To ensure that the proxy is easily accessible and does not require continuous visual attention, the research applies a "delayed following" mechanism, placing the proxy near the user's hand.
When the hand stays within a specific threshold, the proxy remains stationary; if the hand moves beyond that range, the proxy follows smoothly —— keeping it within reach without reacting to slight hand tremors.
This design reduces the user's need to look down to find the proxy and enables a smooth switch between focusing on the real world and quickly viewing proxy information.
In addition, Reality Proxy also supports a variety of interaction functions, making the interaction between users and real objects more flexible.
1. Browse and Preview Objects: Users can quickly browse object information by sliding their fingers across multiple proxies, such as quickly viewing the contents of multiple books.
2. Multi - Object Brush Selection: Use the two - hand pinch gesture to define an area, and you can select real objects corresponding to multiple proxies.
3. Filter Objects by Attributes: Long - press the proxy of an object to bring up the attribute panel. Slide your finger to the proxy of a certain attribute, and you can select all objects with the same attribute, such as filtering out all red cups.
4. Interaction with Physical Features: The proxy can combine the physical functions of the real world to promote intuitive interaction.
For example, a proxy placed on a physical surface (such as a table) can convert these surfaces into natural touchpads.
Users can use familiar touch - device gestures to interact with real - world objects, such as dragging a finger on the surface to select multiple objects, spreading fingers to expand the selection range, or backtracking the path to adjust the selection.

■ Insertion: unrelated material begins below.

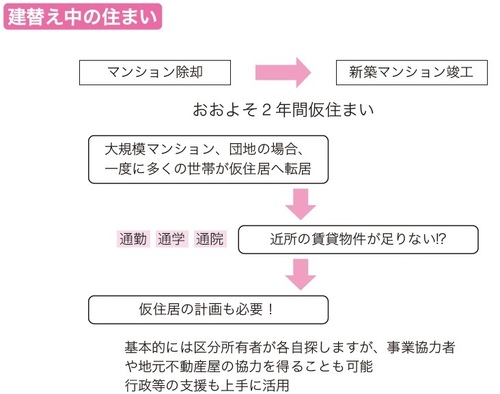 このように、仮住まいは、建替え後のコミュニティ形成にも大きな影響をもたらすでしょう。事業協力者や近隣の不動産屋、行政等の建替えに伴う仮住居の支援等も上手に活用して、できるだけ建替え前の環境に近い仮住居を準備する配慮をしましょう。

5. Semantic Grouping: Double - click a proxy to group objects with the same attributes together.
6. Spatial Scaling Grouping: Use the two - hand scaling gesture to navigate in the hierarchical structure, such as zooming from viewing an entire building to viewing the rooms on a certain floor.
7. Custom Grouping: Draw a cube container with a brush - selection gesture in an empty space and put the selected proxies into it to create a custom group, which is convenient for overall operations, such as calculating the total price of a group of books.

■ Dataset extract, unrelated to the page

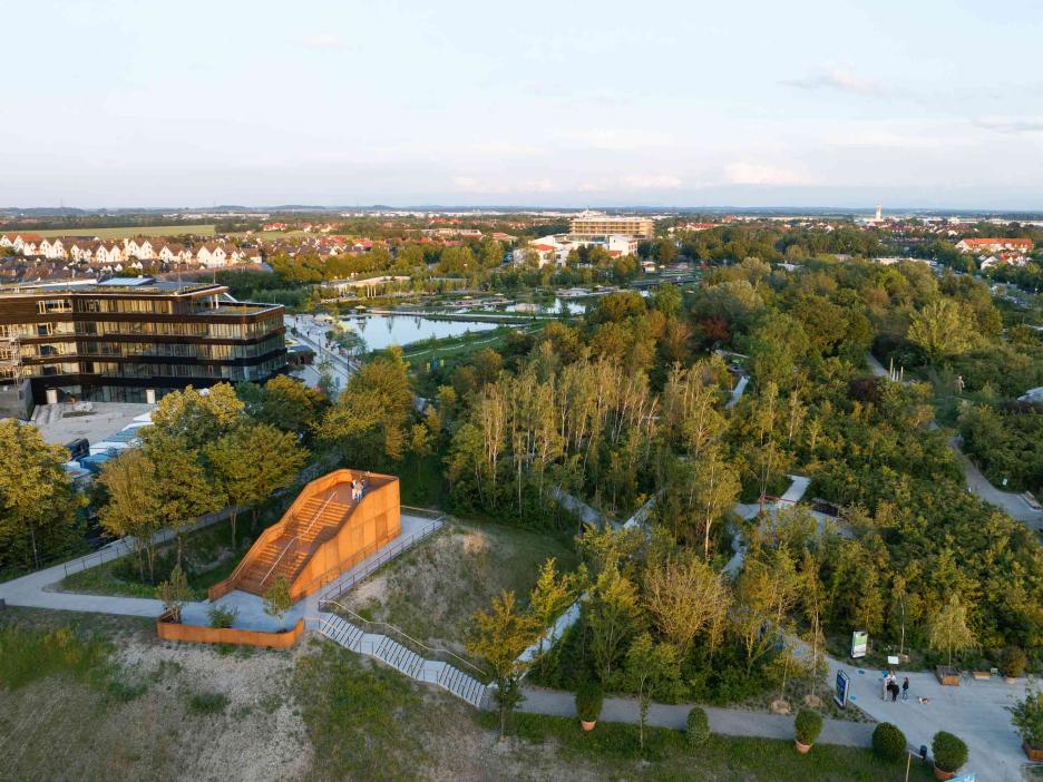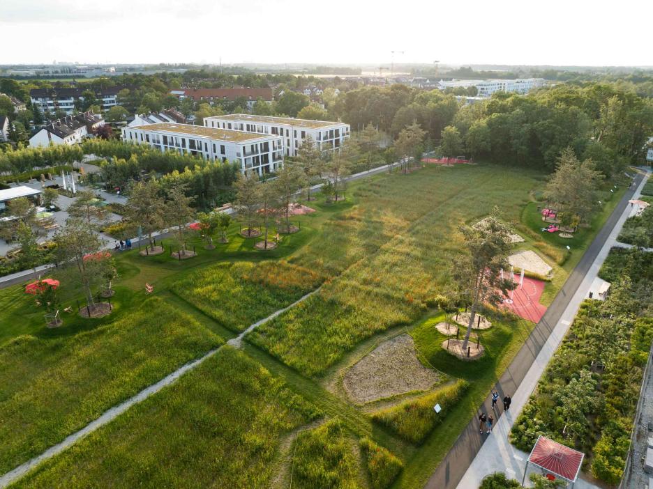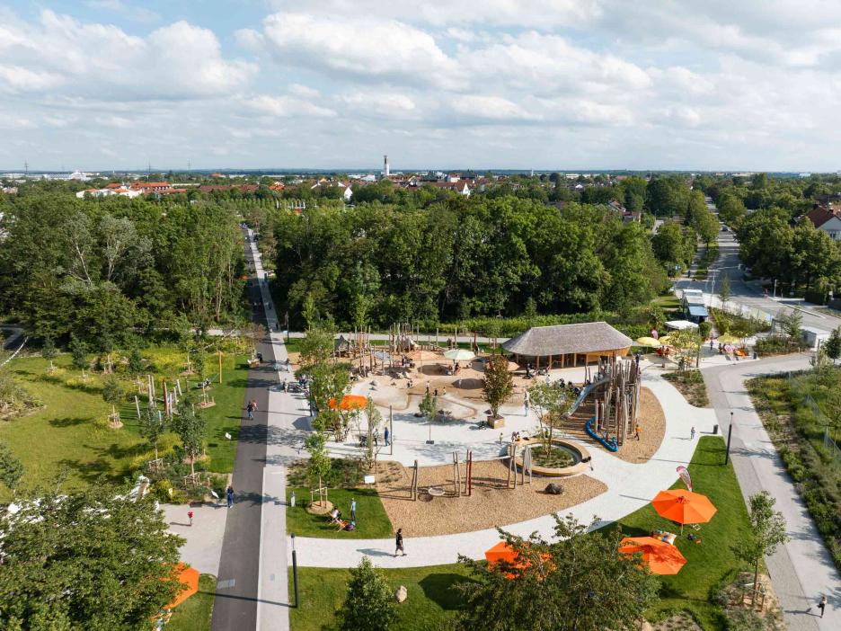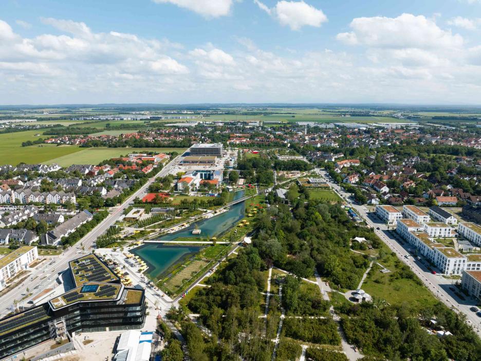 Flankiert von Wohnbebauung und öffentlichen Bauten wie einem neuen Rathaus, Schulen und Kitas, wird mit dem Park eine neue Ortsmitte entstehen. So können die bisher getrennten Gemeindeteile Kirchheim und Heimstetten zusammenwachsen.
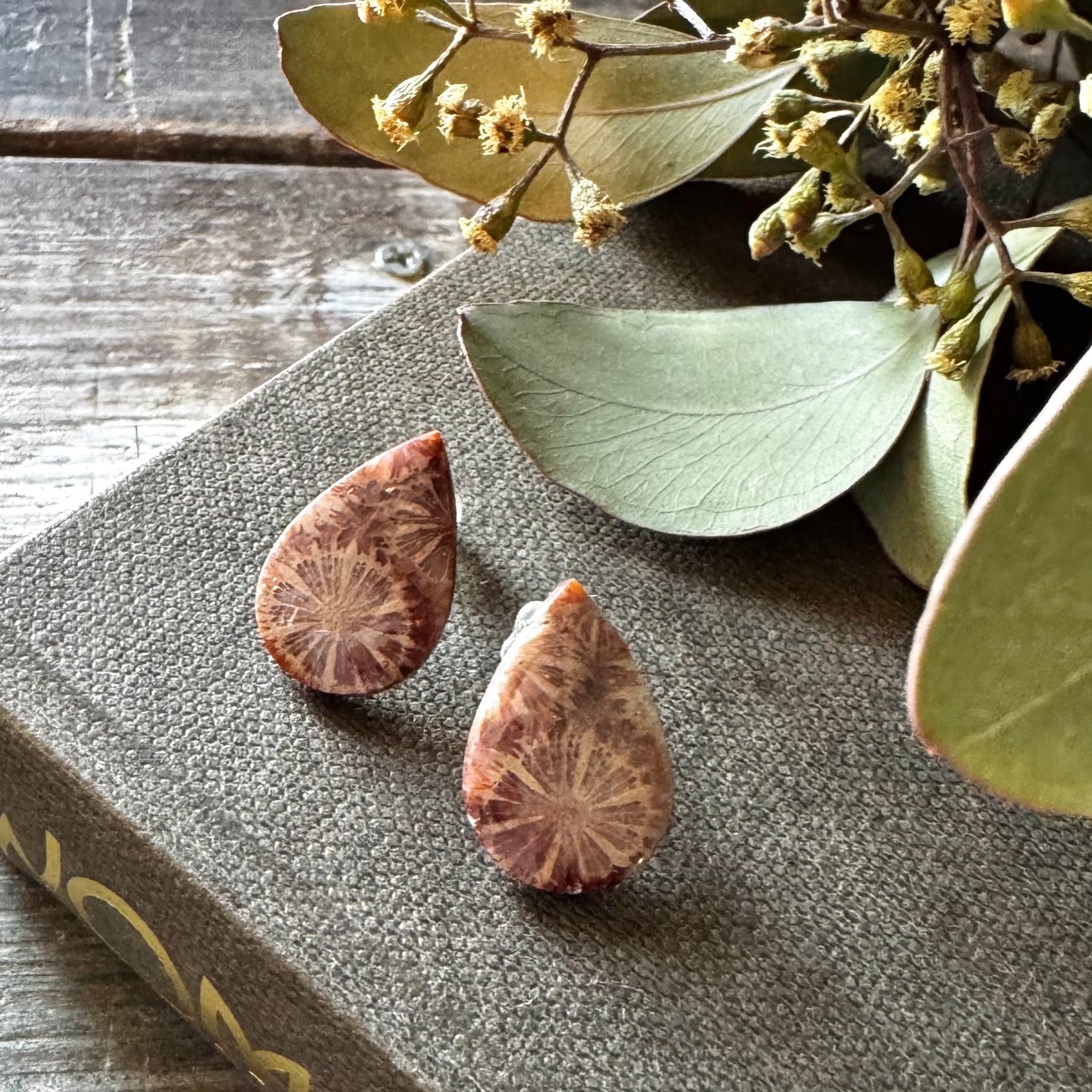 フォッシルコーラル*1粒ピアス・ダークレッド(イヤリング不可)

In addition, the researchers also demonstrated the practicality of this technology through several scenarios.
Daily Information Retrieval
In the office, teachers can use it to quickly find specific books and calculate the total price of the books.
In the kitchen, interaction with objects at different granularity levels can also be achieved, such as selecting different parts of a microwave oven.
Building Navigation
Reality Proxy makes efficient navigation and interaction in large buildings possible.
Drone Control
Reality Proxy also allows the control of dynamic real - world objects.

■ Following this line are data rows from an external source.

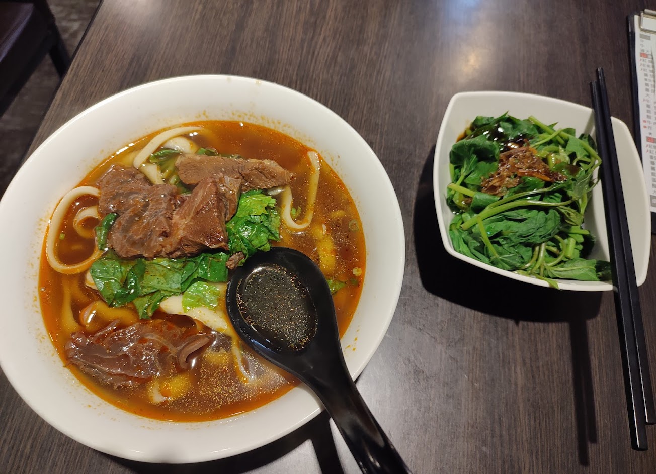牛肉炒年糕 龍鬚菜 木須肉炒麵 炸排骨 小菜 番茄牛肉麵 蕃茄牛肉麵 蔥油餅
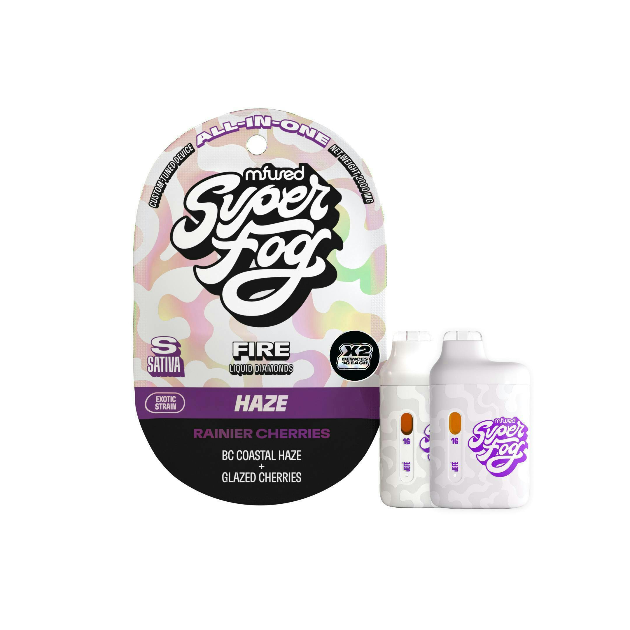 FIRE Liquid Diamonds 1g Jefé - Rainier Cherries (2pk). TYPE: Sativa. GENETICS: BC Coastal Haze x Glazed Cherries. CLASSIFICATION: Exotic Strain / Haze Profile-- Rainier Cherries are a juicy burst of sunshine hailing out of the Pacific Northwest! The tart and fruity flavor from this Mfused Exclusive is the perfect balance of zing and sweetness, making every moment taste like peak cherry season! -- FIRE is a high-potency concentrate crafted from melted THCa diamonds and live resin terpenes, delivering a pure, authentic and complex flavor. This robust extract is powerful and delivers accelerated, intense effects to the user due to its remarkably high THC concentration.
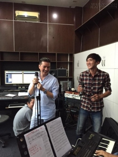 Hình ảnh Nghĩa tập luyện cùng "ông hoàng nhạc Việt" vô cùng vui vẻ.

To demonstrate this, the researchers developed a mixed - reality - based drone control application, which uses trackers embedded in drones instead of the AI scene understanding component.
This study recruited 12 experienced XR developers and researchers (7 males and 5 females, aged between 18 and 38).
Since two participants participated in the pre - test session to improve the research plan, they were excluded from the ratings reported below.
The evaluation results show that this system is generally positively evaluated in terms of practicality, learnability, and ease of use.